Una funzionario ICMA sussurra che ci sono rischi BCE per un congelamento del mercato Repo.

“Gli investitori potrebbero incominciare ad essere riluttanti nell’ investire sul debito della zona euro”, ha detto, notando che la sua commissione ha espresso le sue preoccupazioni ai funzionari della BCE. “Siamo spaventati circa il congelamento del mercato”, ha detto de Vidts.

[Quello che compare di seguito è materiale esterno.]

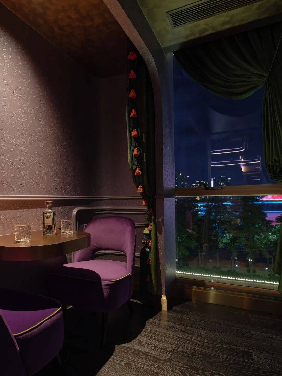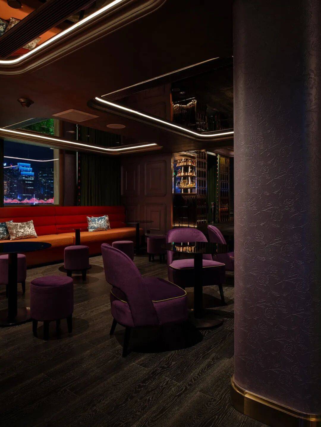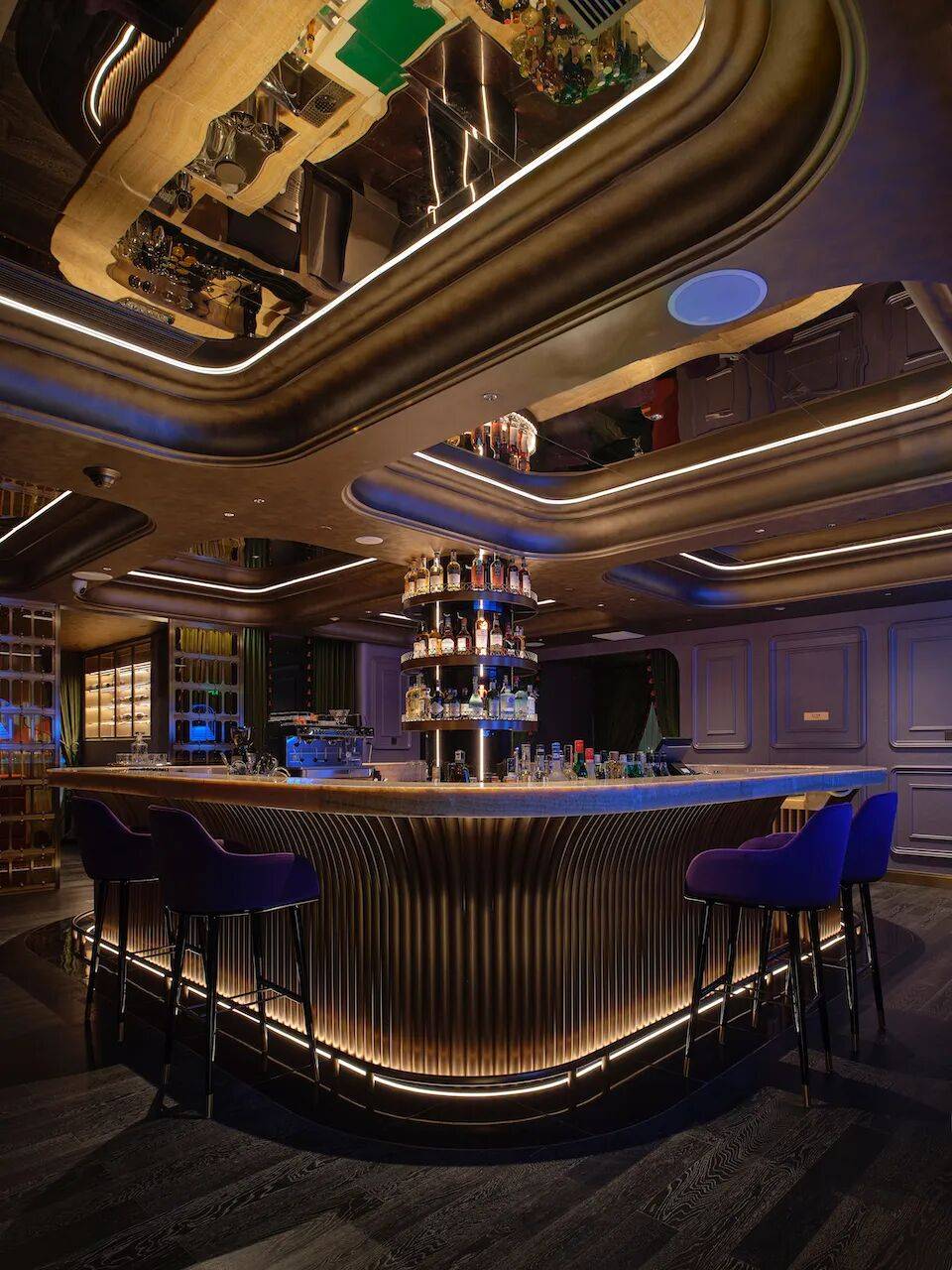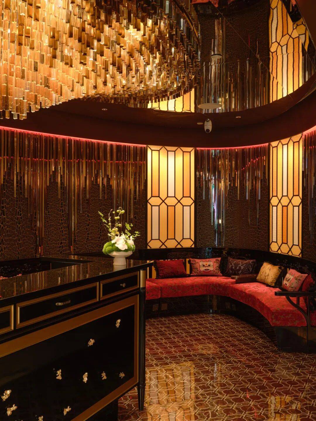 「光点」屋顶酒吧位于主楼顶部六层,一面的LED墙面让空间更加迷离与梦幻,独立式岛台为调酒区域,镜面吊顶下,是鸟笼状的下午茶器皿,现代电子风格与旧时岭南宅邸在这个空间融合得恰到好处。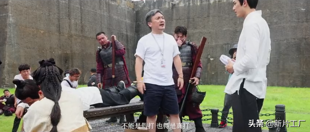 在剧情中他被罚以杖刑,在现场他已经躺好在板子上了,准备拍摄,而导演恰恰好站在他的身边,表示“不能是假打,得是真打”,而后特别讲到“筋得出来”。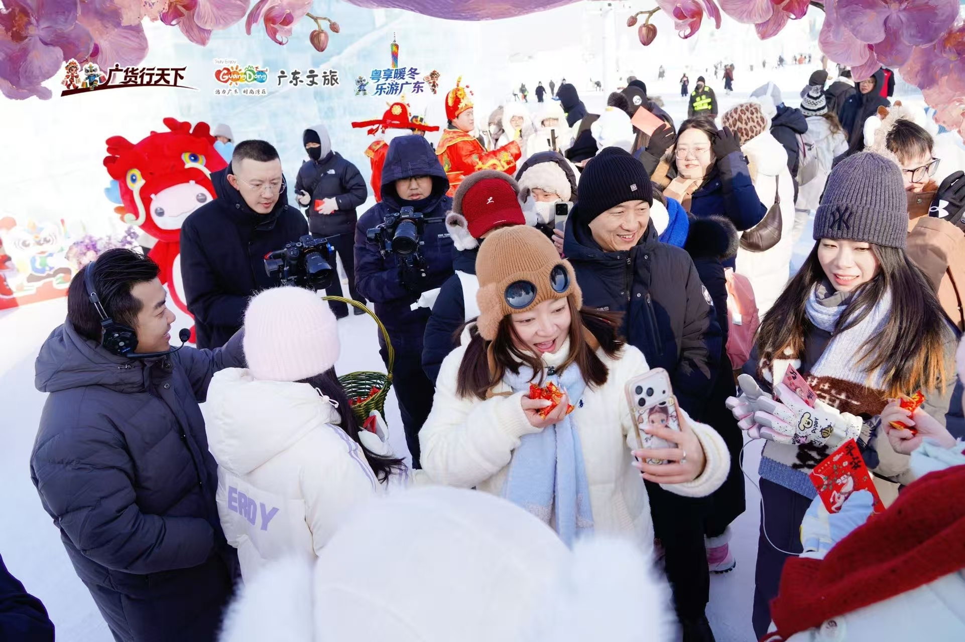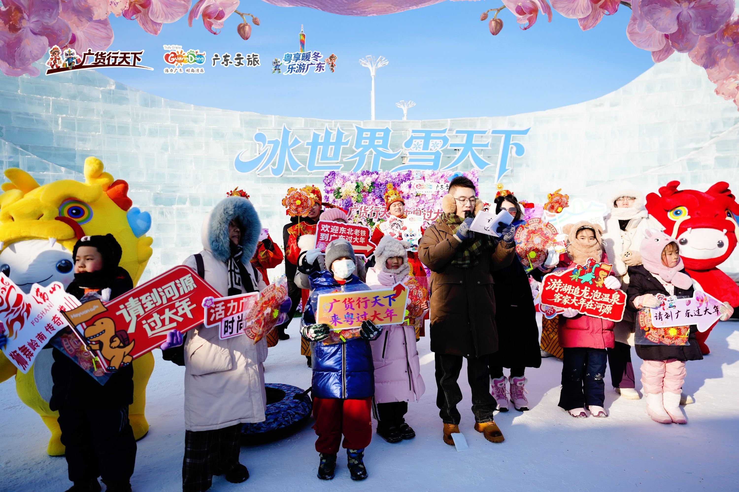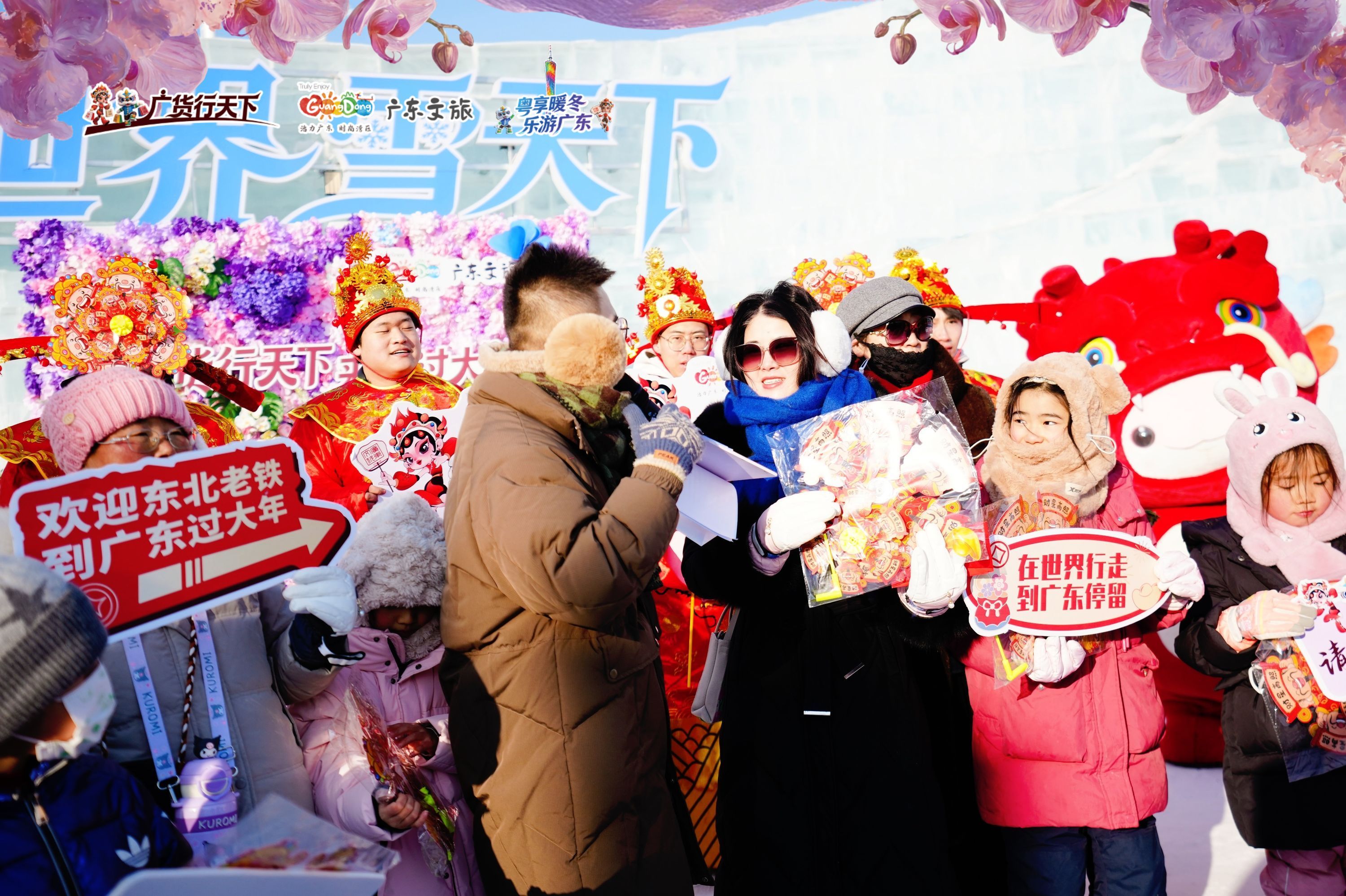 周末两日,哈尔滨中央大街和哈尔滨冰雪大世界迎来了气氛浓烈的广东年味。活动现场不仅有特色场景展示,还安排了醒狮表演、粤语歌演唱、游客互动体验、打卡派发奖品等丰富环节,同时设置了机票抽奖等福利,让北方市民游客近距离感受岭南文化的独特魅力,激发大家赴粤旅游过大年的意愿。“原来广东过年也这么有气氛!”一位哈尔滨市民推介活动现场看到丰富的广东年俗如是感叹。

ECB risks freezing repo market, ICMA official says | Reuters

Le banche centrali nazionali sono responsabili per circa l’80 per cento degli acquisti sotto QE, con la BCE che acquista direttamente il restante 20 per cento nella zona euro mercato dei titoli di Stato di circa 7 trilioni di euro.

“Stiamo guidando a fari spenti nel buio”, ha detto de Vidts

De Vidts crede che l’ eccesso di liquidità potrebbe causare un congelamento.

Il 15 aprile, Mario Draghi ha fatto l’affermazione ” Lo stimolo sta funzionando “.

L’arroganza dei banchieri centrali sottolinea Mike, nonostante stiano portando il mondo sull’orlo del collasso finanziario è stupefacente. Hanno creato bolle azionarie e obbligazionarie spazzatura di proporzioni enormi e fanno finta di non vederle.

Il programma deve continuare. Perché? Perché abbiamo detto così. Tutto nella stolta convinzione di riuscire a fermare la deflazione.

Noi sappiamo che non è così, sappiamo che più le banche centrali inondano di liquidità i mercati e più la deflazione si accanisce.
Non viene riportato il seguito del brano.